Here is a breakdown of the last 12 months in Syria, by the numbers:

8,000:
Number of people who have died in Syria over the past year as a result of the government's crackdown against dissent, according to a statement by UN Secretary Ban Ki-Moon last week.

7,500: The UN's estimate of the Syrian death toll prior to Ban's update.

9,100: Number of people killed by government forces in the past year, according to Syrian activists.

2,000: Number of government security forces killed by rebels, according to government estimates.

230,000: Number of Syrians who have fled their homes to escape the violence, according to the UN.

30,000: Number of those fleeing who have left the country entirely.

16,000: Number of Syrian refugees currently in Turkey. (29,000 have crossed the border, with 13,000 having returned back.)

12: Number of years that current Syrian President Bashar Al-Assad has been in power.

29: Number of years his predecessor - and father - Hafez Al-Assad ruled Syria as president.

10: Percentage of Syria's population belonging to the Alawite religious sect, which includes the Assad family among its most prominent members.
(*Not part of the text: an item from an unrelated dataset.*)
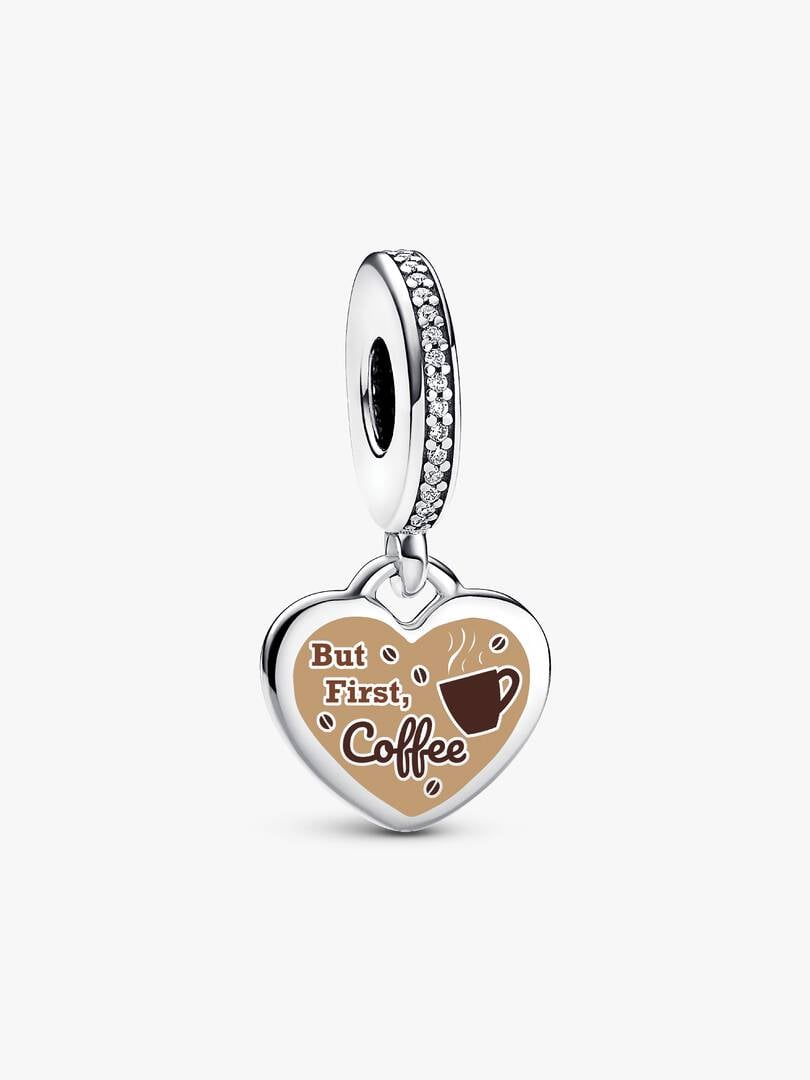 For the caffeine lover at heart, this sterling silver dangle charm shines with cubic zirconias and can be engraved for a personal, coffee-fueled touch.

70: Percentage of Syria's population that identify as Sunni Muslims.

20,000: Number of people killed in the Hama Massacre, ordered by Hafez Al-Assad in 1982.

89.4:
Percentage of participants in a referendum last month who voted in favour of a new Syrian constitution - which would allow for Bahsar Al-Assad to remain in power until possibly 2028 - according to government sources.

57.4:
Percentage of eligible voters who took part in the referendum, according to government sources.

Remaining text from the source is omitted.